Well-posedness of stochastic partial differential equations with fully local monotone coefficients

Abstract

Consider stochastic partial differential equations (SPDEs) with fully local monotone coefficients in a Gelfand triple \(V\subseteq H \subseteq V^*\):

$$\begin{aligned} {\left\{ \begin{array}{ll} dX(t) = A(t,X(t))dt + B(t,X(t))dW(t), \quad t\in (0,T],\\ ~ X(0) = x\in H, \end{array}\right. } \end{aligned}$$

where

$$\begin{aligned} A: [0,T]\times V \rightarrow V^* , \quad B: [0,T]\times V \rightarrow L_2(U,H) \end{aligned}$$

are measurable maps, \(L_2(U,H)\) is the space of Hilbert–Schmidt operators from U to H and W is a U-cylindrical Wiener process.

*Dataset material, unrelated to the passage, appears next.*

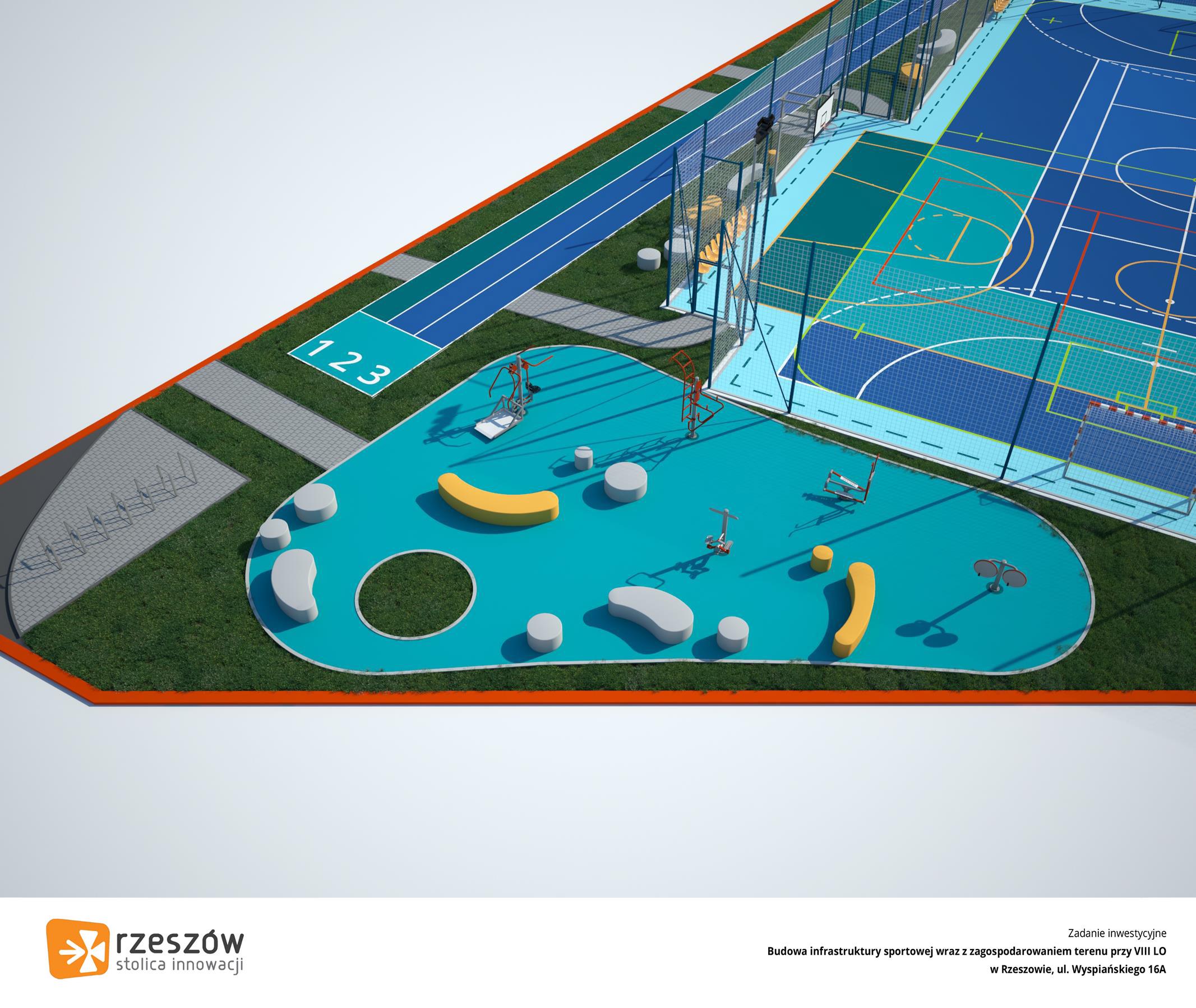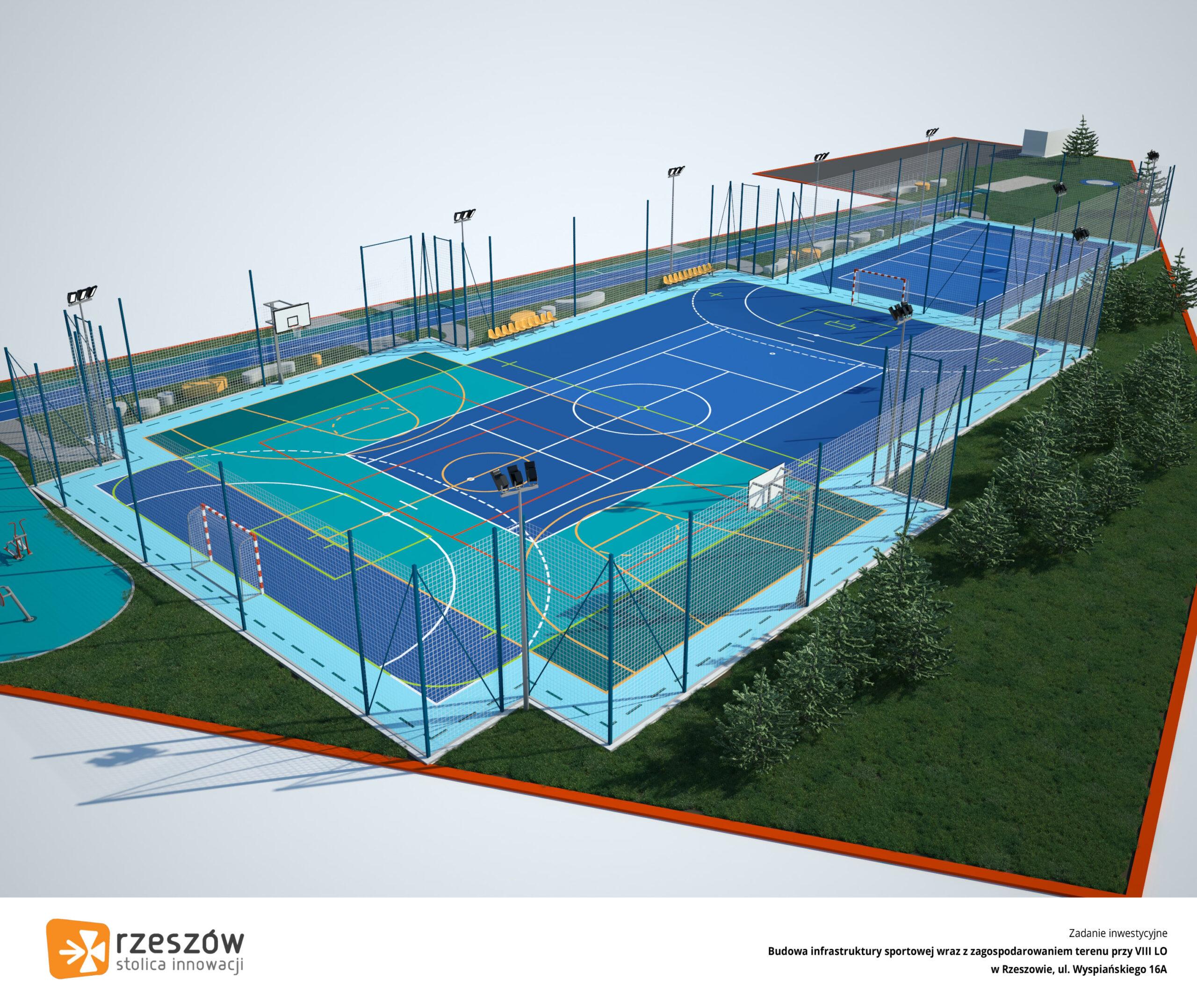 W ramach zadania powstanie wielofunkcyjne boisko ze sztuczną nawierzchnią o wymiarach 40 × 20 metrów, przystosowane do gry w piłkę nożną, ręczną oraz unihokeja. – Zaplanowano również budowę boisk do koszykówki, siatkówki i tenisa ziemnego, trzytorowej bieżni lekkoatletycznej, a także skoczni do skoku w dal i stanowiska do pchnięcia kulą. Z obiektów będą korzystać nie tylko uczniowie, ale również mieszkańcy okolicznych osiedli – informuje Urząd Miasta Rzeszowa.
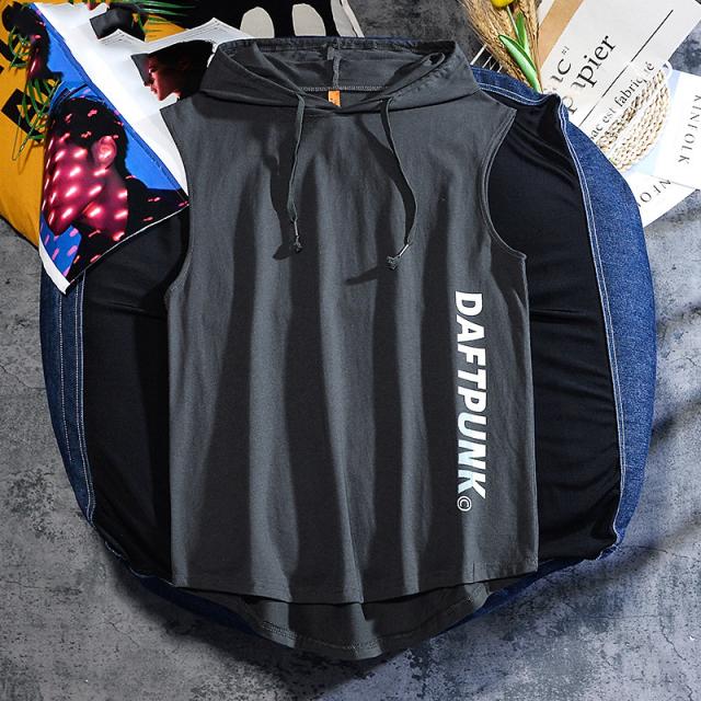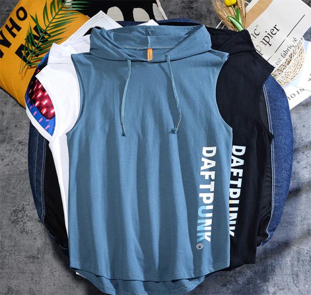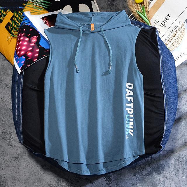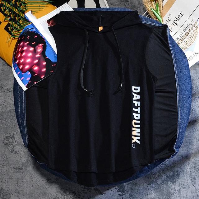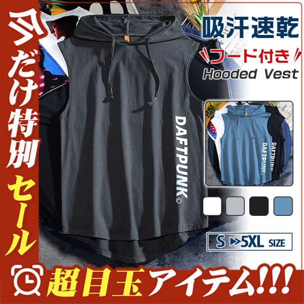 タンクトップ メンズ Tシャツ フード付き 運動 ノースリーブ 夏 トップス 重ね着 薄手 無地 夏パーカー スポーツ お兄系 送料無料 おしゃれ

Such SPDEs include many interesting models in applied fields like fluid dynamics etc. In this paper, we establish the well-posedness of the above SPDEs under fully local monotonicity condition solving a longstanding open problem. The conditions on the diffusion coefficient \(B(t,\cdot )\) are allowed to depend on both the H-norm and V-norm. In the case of classical SPDEs, this means that \(B(\cdot ,\cdot )\) could also depend on the gradient of the solution. The well-posedness is obtained through a combination of pseudo-monotonicity techniques and compactness arguments.